Plusieurs mouvements sectaires, connus pour des pratiques extérieures au monde de l’entreprise, se sont reconvertis dans la formation professionnelle.

Anthropos fait partie des sectes répertoriées parmi les mouvements issus du Nouvel-âge. Fondée sur le holisme, c’est-à-dire sur une conception épistémologique qui relie chaque énoncé scientifique au domaine dans lequel il voit le jour, cette secte cherche à " développer l’homme dans son corps et dans son esprit ". Créée par Bernard Alexandre, Anthropos a trouvé un débouché dans la formation par la conception d’un séminaire d’activation mentale mélangeant des techniques sophrologiques et de la programmation neuro-linguistique. Ce stage a été introduit sur le marché par plusieurs organismes immatriculés auprès de l’administration de la formation professionnelle. Il est actuellement proposé aux entreprises par le Centre Michel Odoul, du nom du successeur de Bernard Alexandre décédé en 1996, qui a déclaré régulièrement son activité au SRC d’Ile-de-France, et semble constituer la structure la plus active.
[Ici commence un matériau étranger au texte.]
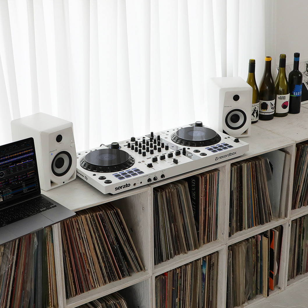 Bring a contemporary, fresh look to any event, livestream, or home setup you’re playing with this distinctive white controller. The DDJ-FLX6-W is sure to catch the eye of your audience with its unmistakable white body, which accentuates the black jog wheels, knobs, and faders.
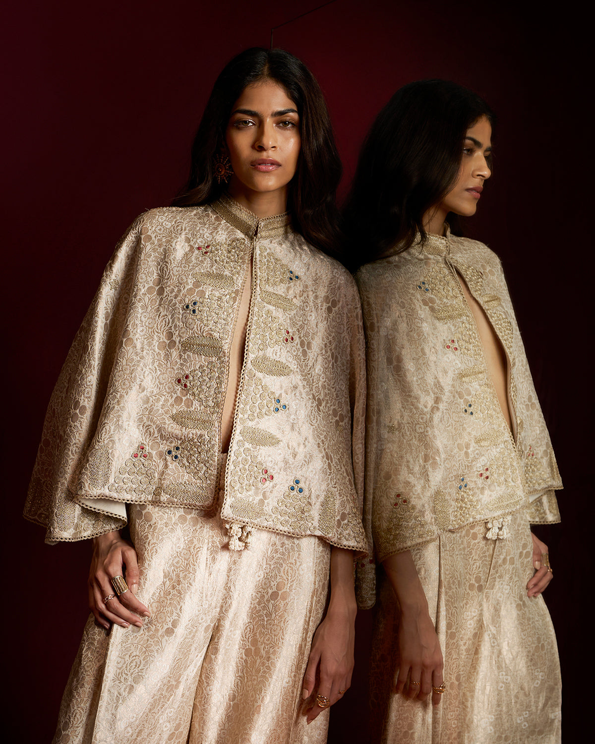 This luxurious cape, made from handwoven Banarasi tanchoi brocade, is the epitome of opulence. Designed for a relaxed fit, this heirloom is enveloped in glistening handcrafted motifs in gold zari threads, and also features contrast satin stitch embroidery and artisanal tassels.

L’Institut des sciences holistiques de l’Ouest appartient à la même mouvance. Fondée dans la région de Nantes, cette secte a connu une expansion importante à partir du début des années 1980 avec la création de plusieurs structures de vente de produits diététiques, ésotériques ou biologiques. Elle s’est plus récemment investie sur le marché de la formation professionnelle, ses deux dirigeants, MM. Jean-Pierre Le Gouguec et Gilles Pagé s’étant immatriculés auprès du SRC de Bretagne comme formateurs individuels. A ce titre, ils ont dispensé, sous le couvert de leur numéro d’immatriculation, des stages intitulés " soins du corps énergétique " destinés à former des thérapeutes capables d’appliquer les techniques de la secte et de traiter ses thèmes favoris, comme le reiki, le karma et la réincarnation, la cristallo-thérapie ou les élixirs floraux. D’une durée totale de 130 heures réparties sur une ou deux années, ces stages ont été suivis par des personnes à titre individuel et à leurs frais. Une autre convention de formation fait état d’une prestation intitulée " psychologie holistique " qui se déroule sur trois ans afin d’initier des psychothérapeutes spécialisés dans les relations humaines et les phénomènes d’émergence spirituelle. Le produit annuel tiré de ces formations, tel qu’il ressort des déclarations faites par les deux formateurs, se situe selon l’exercice entre 354.237 et 664.162 francs par an et par personne. On notera également qu’une attestation justifiant l’exonération de TVA a été fournie aux deux formateurs.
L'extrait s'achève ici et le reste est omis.